U.S. Treasury debt prices extended gains on the housing starts data, while the dollar trimmed losses against the euro and the yen.
February's decline pulled starts below the one million-unit threshold for the first time since last August. Economists had forecast groundbreaking at a 1.05 million-unit pace in February.
Snowy and cold weather conditions gripped much of the country in the second half of February.

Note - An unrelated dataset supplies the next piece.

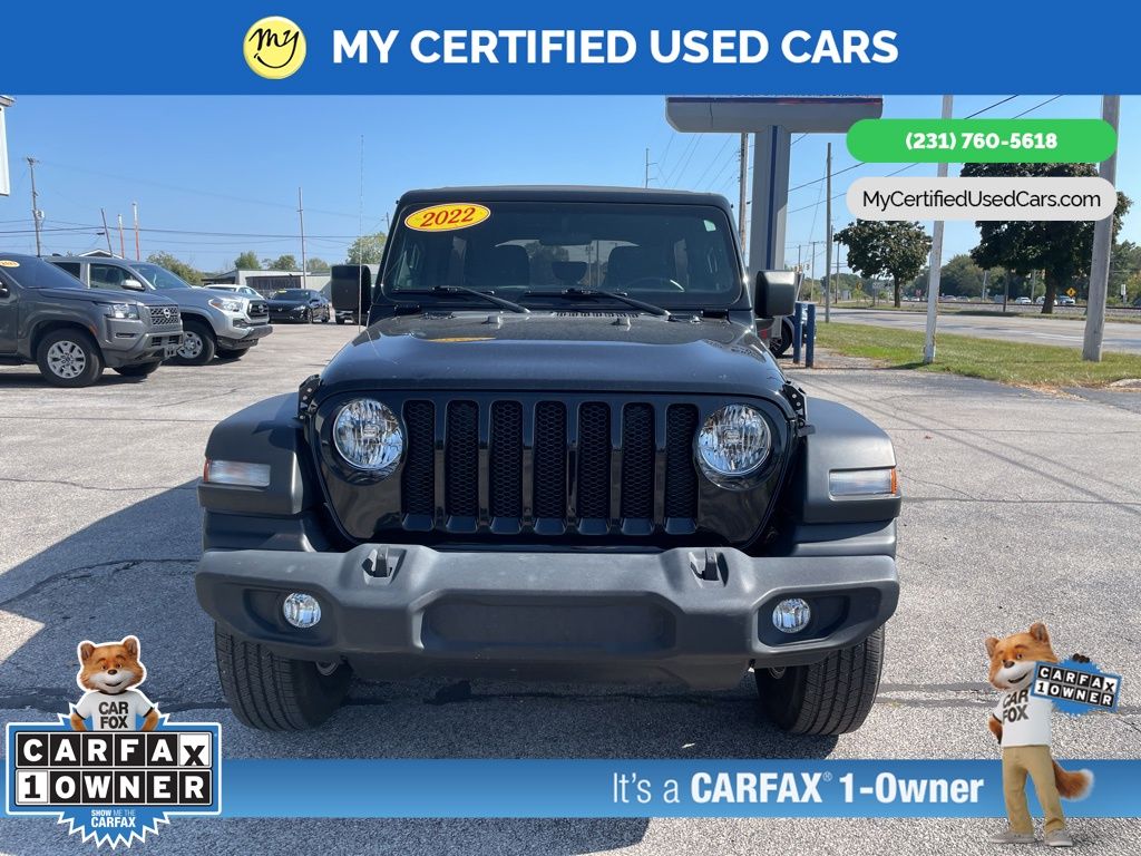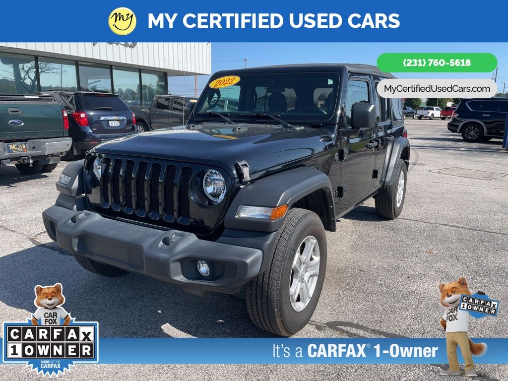 *VERY CLEAN* ***2022 JEEP WRANGLER UNLIMITED SPORT S 4WD***, ***BLACK SUNRIDER SOFT TOP***, *FULLY SERVICED*, *REMOTE START*, *APPLE CARPLAY & ANDROID AUTO*, *REARVIEW CAMERA*, Automatic Headlamps, Convenience Group, Deep Tint Sunscreen Windows, Front 1-Touch Down Power Windows, Leather Wrapped Steering Wheel, Power Heated Mirrors, Quick Order Package 22S Sport S, Remote Keyless Entry, Security Alarm, Speed Sensitive Power Locks, Sport S, Sun Visors w/Illuminated Vanity Mirrors, Universal Garage Door Opener, Wheels: 17" x 7.5" Tech Silver Aluminum. MY Certified Used Cars of Muskegon is your #1 choice in Michigan to get the BEST PRICE on used vehicles and BEST value for your trade. The MY Certified Used Cars team is ready to provide you with a world-class experience, ensuring that you find the perfect vehicle that fits all your needs. Every vehicle has been through a full safety inspection completed by certified technicians and fully detailed. We sell many makes and models, Pre-Owned Vehicles with years from 2025-2024-2023-2022-2021-2020-2019-2018-2017-2016-2015-2014-2013-2012-2011-2010-2009-2008-2007 and all makes Audi, BMW, Chevrolet, Nissan, Toyota, Volkswagen, Kia, Hyundai, Mercedes, Dodge, Chrysler, Jeep, Ram, Lincoln, Honda, Subaru, and many models like Bronco, Bronco Sport, Edge, Escapes, Expedition, Explorer, Fusions, Focus, Flex, F-150 Series, F-250, F-350, Super Duty Diesel Trucks, Maverick, Altima, RAV4, 4 Runner, Mustang, Ranger, Transit, Wrangler, Grand Cherokee, Grand Cherokee L, Wagoneer, Gladiator, Grand Caravan, RAM, RAM HEMI, and more. Take advantage of our VIP experience by calling 231-760-5618 to schedule a test drive. Read our customer reviews at www.mycertifiedusedcars.com/testimonials or view our entire selection of preowned vehicles at www.mycertifiedusedcars.com, or stop by today, located at 3692 Airline Rd. Muskegon, MI 49444. CARFAX One-Owner. Black Clearcoat 2022 Jeep Wrangler Unlimited Sport S 4WD 8-Speed Automatic 2.0L I4 DOHC

Housing starts were down 3.3 percent compared to February last year.
"We saw broad-based weakness across the country with the biggest declines in the Northeast and Midwest, suggesting that harsh winter weather in these regions slowed new residential construction significantly," said Derek Lindsey, an analyst at BNP Paribas in New York.
"Despite the disappointing print in starts, building permits rose and remain on an upward trend, suggesting this soft patch in construction is likely to be temporary."
Groundbreaking plunged 56.5 percent in the Northeast to the lowest level since January 2009. Starts in the Midwest dropped 37 percent to a year low.
In the West, groundbreaking activity fell 18.2 percent. Starts in the South, where most of the home building takes place, slipped 2.5 percent.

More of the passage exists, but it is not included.